Sementara itu, Direktur Informasi Publik Ditjen KPM, Kementerian Komdigi, Nursodik Gunarjo, saat membuka acara tersebut menegaskan bahwa di era digital yang semakin kompleks, peran anak-anak dalam ruang publik daring semakin menonjol.
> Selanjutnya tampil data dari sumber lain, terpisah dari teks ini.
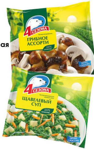
4 Сезона 300 г • грибы ассорти

Digitalisasi yang masif membawa dampak ganda: di satu sisi memberikan akses luas terhadap informasi dan peluang pembelajaran, di sisi lain membuka celah terhadap risiko seperti eksploitasi online, penyebaran konten berbahaya, cyberbullying, dan manipulasi data. “Ruang digital memberi peluang besar untuk belajar, tapi menyimpan risiko perundungan, paparan berbahaya, dan penyalahgunaan data pribadi,” kata Nursodik.
Meski sudah ada PP Tunas, Nursodik menekankan bahwa implementasi aturan perlindungan anak memerlukan kolaborasi lintas sektor, kapasitas teknis yang tinggi, serta pendekatan komunikasi publik yang responsif, inovatif, dan berbasis data. Melalui CommuniAction dengan tema “Anak di Dunia Digital: Aman atau Sekadar Diawasi?”, Kementerian Komdigi ingin mewujudkan komunikasi publik terkait perlindungan anak yang berbasis data, cepat tanggap, dan berdampak di tengah dinamika isu digital yang terus berkembang.
CommuniAction seri Malang yang dihadiri sekitar 300 peserta dari kalangan mahasiswa, generasi muda, perwakilan Kementerian Lembaga (KL) hingga organisasi perangkat daerah (OPD) Kota Malang, merupakan platform sinergi, kolaborasi, dan aksi nyata yang menyatukan tiga elemen komunikasi publik pemerintah: Media Monitoring (FoMo), Pemberdayaan Komunitas (IGID Goes to Campus), dan Penguatan Konten Kreatif (SOHIB Berkelas).
Kegiatan ini menghadirkan narasumber seperti Tenaga Ahli Ditjen Komunikasi Publik dan Media Kemkomdigi, Dwi Santoso atau akrab dipanggil Bang Anto Motulz, yang juga aktif mengeksplorasi teknologi baru seperti kecerdasan buatan (AI) untuk mengembangkan strategi komunikasi dan produksi konten digital. Selain itu, hadir pula Reza A. Maulana, Praktisi Public Relations yang berpengalaman dalam membangun strategi komunikasi berbasis riset dan monitoring isu publik, serta Naning Puji Julianingsih, Child Protection Specialist UNICEF, dan Hari Obbie, seorang Content Creator.